Recursive problem

The answer is 10. First, it is easy to see that $a=1$ , since $\frac{25}{19}=1+\frac{6}{19}$ . Now, we have $\frac{1}{b+\frac{1}{c}} = \frac{6}{19}$ . If we invert the whole equation, we have $b + \frac{1}{c} = \frac{19}{6} = 3 + \frac{1}{6}$ . Using the same logic to find $a$ , we have that $b=3$ and $c=6$ . The answer follows.

We know that a , b and c are all positive integers.
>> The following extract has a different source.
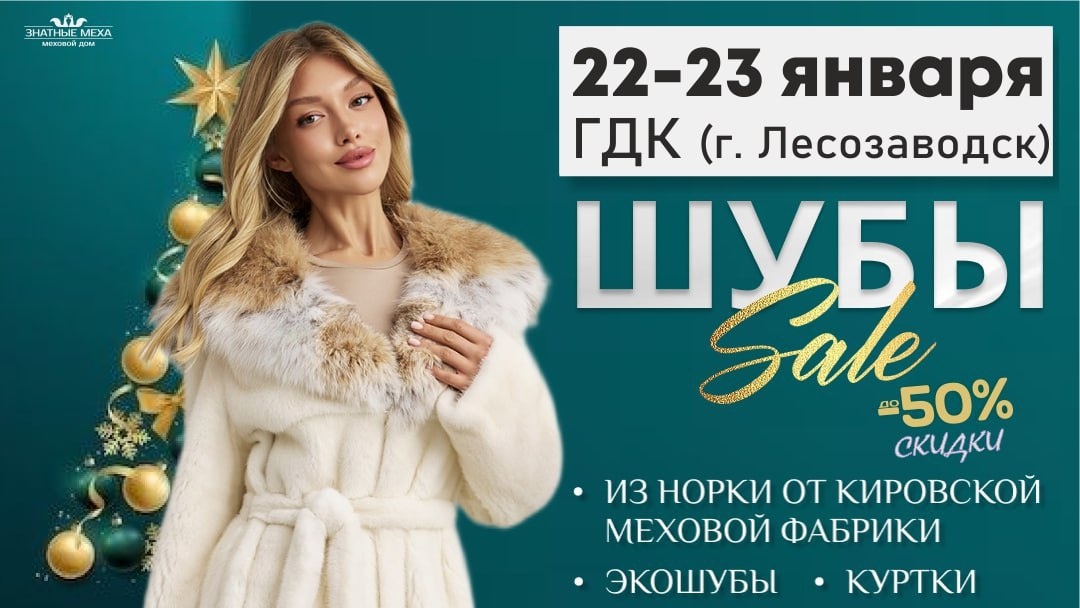 ЛЕСОЗАВОДСК! Ждём Вас: ▫️ 22-23 января! 📍 ГДК, ул. Пушкинская, 32. (с 10 до 19ч.) ДЛЯ ВАС ВЫГОДА И ВЫБОР: 🔥 Шубы из мутона – ОТ 9900 РУБ.! ⚡️ НОРКОВЫЕ ШУБЫ ДО - 50%! 🎉Праздничные подарки, каждому покупателю! 🎁Новинка сезона-ЭКО МЕХ (в ассортименте)! 🔹 Огромный выбор: шубы, эко-мех, куртки, шапки, варежки. 🔥Каталог, акции и новости - все в одном месте. Присоединяйся к нашей группе в ВК https://vk.com/zolotovyatki и смотри полный ассортимент с фото и ценами. ✅ Нужна консультация? Звоните! Наш Телефон: 📲8-922-903-32-83 Покупайте теплую и стильную шубу с МАКСИМАЛЬНОЙ ВЫГОДОЙ!

$\frac{1}{b + \frac{1}{c}} = \frac{1}{\frac{bc + 1}{c}} = \frac{c}{bc + 1}$

$a + \frac{c}{bc + 1} = \frac{abc + a + c}{bc + 1}$

We know that $\frac{abc + a + c}{bc + 1}$ is equal to $\frac{25}{19}$ , so we firstly need to find b and c that solve bc + 1 = 19.

bc + 1 = 19 then bc = 18.

There are four different combinations of integers now:

1. b = 2 and c = 9

2. b = 9 and c = 2

3. b = 6 and c = 3

4. b = 3 and c = 6

You can try the other combinations, but the right one is b = 3 and c = 6.

Knowing this, in our first equation:

$\frac{abc + a + c}{bc + 1} = \frac{25}{19}$

18a + + 6 = 25

18a + a = 19

From which we can tell a = 1.

Finally, a + b + c = 1 + 3 + 6 = 10.